With the start of water pumping from the local Schlumpquelle in 1887 and the commissioning of the waterworks in Goslarschen Landstrasse in 1894, the systematic construction of a modern public water supply began, which soon replaced the supply network of the Sültequelle; by November 1895, all systems and the water art at the Ostertor were dismantled. From 1896, the water from the Sültequelle was diverted via a pipeline to supply the municipal gas works and the Hildesheim indoor pool on Speicherstrasse. Today the water feeds the senior citizen's ditch in Liebesgrund.
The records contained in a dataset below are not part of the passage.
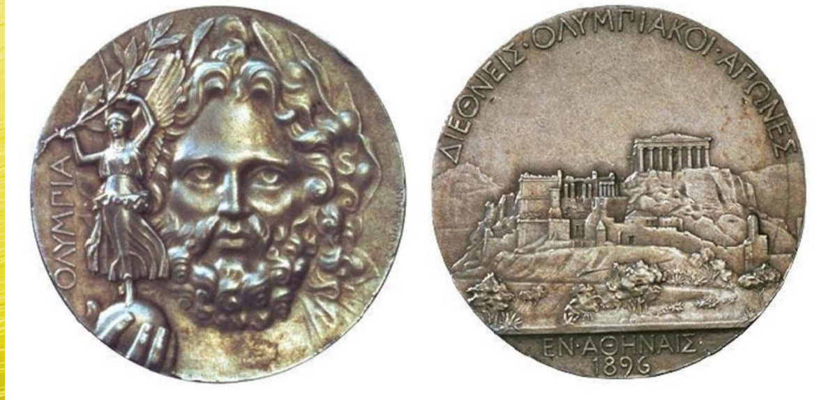
Олимпийские медали 1896 года

-Победителям спортивных соревнований впервые вручали медали на I Олимпийских играх, которые проводились в 1896 году в Греции. Спортсменов награждали золотыми медалями за 1 место и серебряными медалями за 2 место. Бронзовые медали за 3 место стали вручаться только с 1908 года.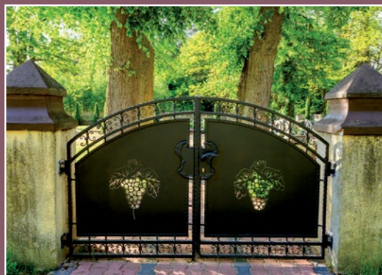
Brama cmentarna Pietronki Friedhofstor in Pietronki

Klasyfikacja pruska z 1773 r. wymienia 234 mieszkańców, wszyscy luteranie. Pośród nich było 12 rodzin pracowników najemnych i rzemieślników. Było to 5 pasterzy, 1 stróż, 2 szewców, 2 sukienników 1 garncarz. Po 1779 r. gdy w Chodzieży powstała gmina ewangelicka. Podanin odłączył się od Bukowca i przyłączył do gminy chodzieskiej.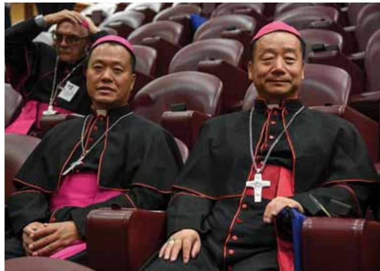
Por primera vez han participado en el Sínodo dos obispos de China Continental.

Francisco resaltó que el discernimiento es el método y al mismo tiempo el objetivo que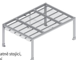
Samostatně stojící, ovládání lanovým převodem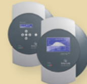
Solar-Log 500/1000™ Datenlogger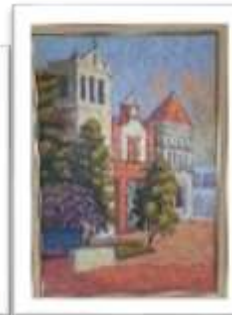
OBR-002281 AUTOR: AMAURYS REYES RD$30,000.00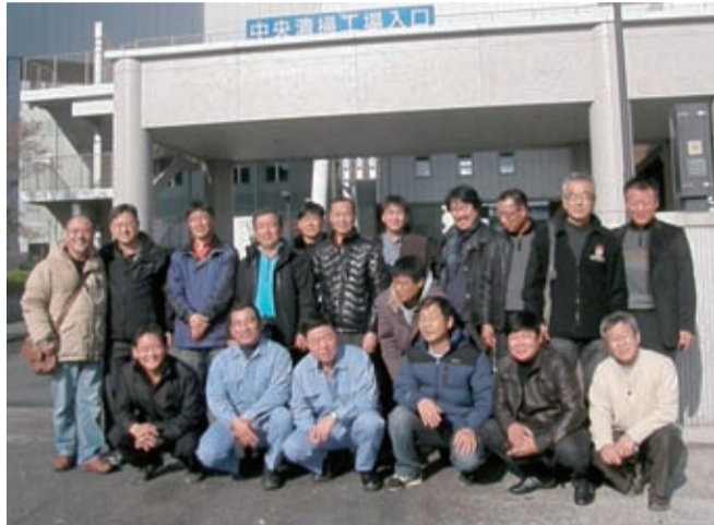
中央工場前 作業着の2人が収集作業をする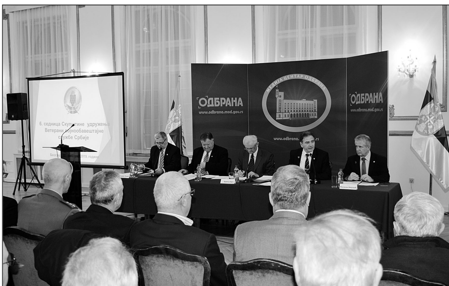
Ветерани војнообавештајне службе се често друже на разноврсним активностима

Ветерани војнообавештајне службе остварили су веома добру сарадњу са удружењима у Србији и реализовали многобројне активности. Поред тога, на основу споразума о сарадњи, у циљу размене искустава о организацији, статусним и другим питањима, у току 2018. године настављена је сарадња са представницима удружења Руске Федерације, Белорусије и Бугарске.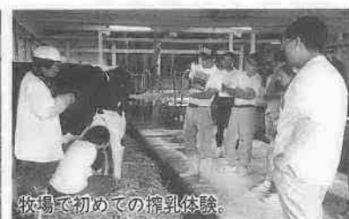
牧場で初めての搾乳体験

The masonry and covered reservoir of the spring from the 1840s has been preserved to this day, but the building in its current form dates from the 1970s.

literature

Web links

Commons : Sülte  - collection of images, videos and audio files
  • Entry by Gudrun Pischke zu Sülte in the scientific database " EBIDAT " of the European Castle Institute

Individual evidence

  1. Wolfherrii vita posterior Godehardi episcopi. In: Monumenta Germaniae Historica , vol. 13, p. 207, section 20, lines 18-27 (1854).
  2. A. v. Cohausen : The place where the Hildesheim silver treasure was found. In: Anzeiger für Kunde der deutschen Vorzeit (Organ of the Germanisches Museum ), vol. 17, p. 190 (1870).
  3. ^ Helmut von Jan : Bishop, City and Citizen. Essays on the history of Hildesheim. Bernward, Hildesheim 1985, ISBN 3-87065-375-2 .
  4. ^ Magdalenen.com: Church history. ( Memento of December 26, 2005 in the Internet Archive ).
  5. The history of the AMEOS Clinic Hildesheim. Ameos Group website , accessed January 28, 2018.
  6. a b Anke Twachtmann-Schlichter: City of Hildesheim (= monument topography Federal Republic of Germany . Architectural monuments in Lower Saxony. Vol. 14.1. Publications of the Lower State Office for Monument Preservation ). Niemeyer, Hameln 2007, p. 225.
  7. Hildesheimer Allgemeine Zeitung : Hildesheimer story (s): Day 50. Ghost swamp, mental hospital, star hotel. (2015). Retrieved August 8, 2016.
  8. cf. Wolfgang Gaus and Annette Flos: Hildesheim's water supply from the Middle Ages to the industrial age. In: Wasserkunst und Wasserwerk. Hildesheim water supply through the ages. Booklet accompanying the exhibition of the same name in the City History Collection of the Roemer and Pelizaeus Museum in the bone carving office. Verlag August Lax, Hildesheim 1992, ISBN 3-7848-6254-3 , p. 28.
  9. Julius Wilbrand: The disinfection on a large scale in cholera epidemics: According to scientific. Principien practische carried out in 1867 at Hildesheim. Gerstenberg, Hildesheim 1873, p. 44.
  10. ^ Johannes Heinrich Gebauer : History of the city of Hildesheim. 2 volumes, Lax, Hildesheim and Leipzig 1922–1924, Vol. II, p. 471.
  11. a b cf. Heinz Röhl: History of the gas and water supply in Hildesheim 1861-2001. Published by Selbstverlag , Hildesheim 2002, pp. 78, 85–86.
  12. Hildesheimer Allgemeine Zeitung : Hildesheimer story (s): Day 113. Godehard's fight with the dragon. (2015). Retrieved August 8, 2016.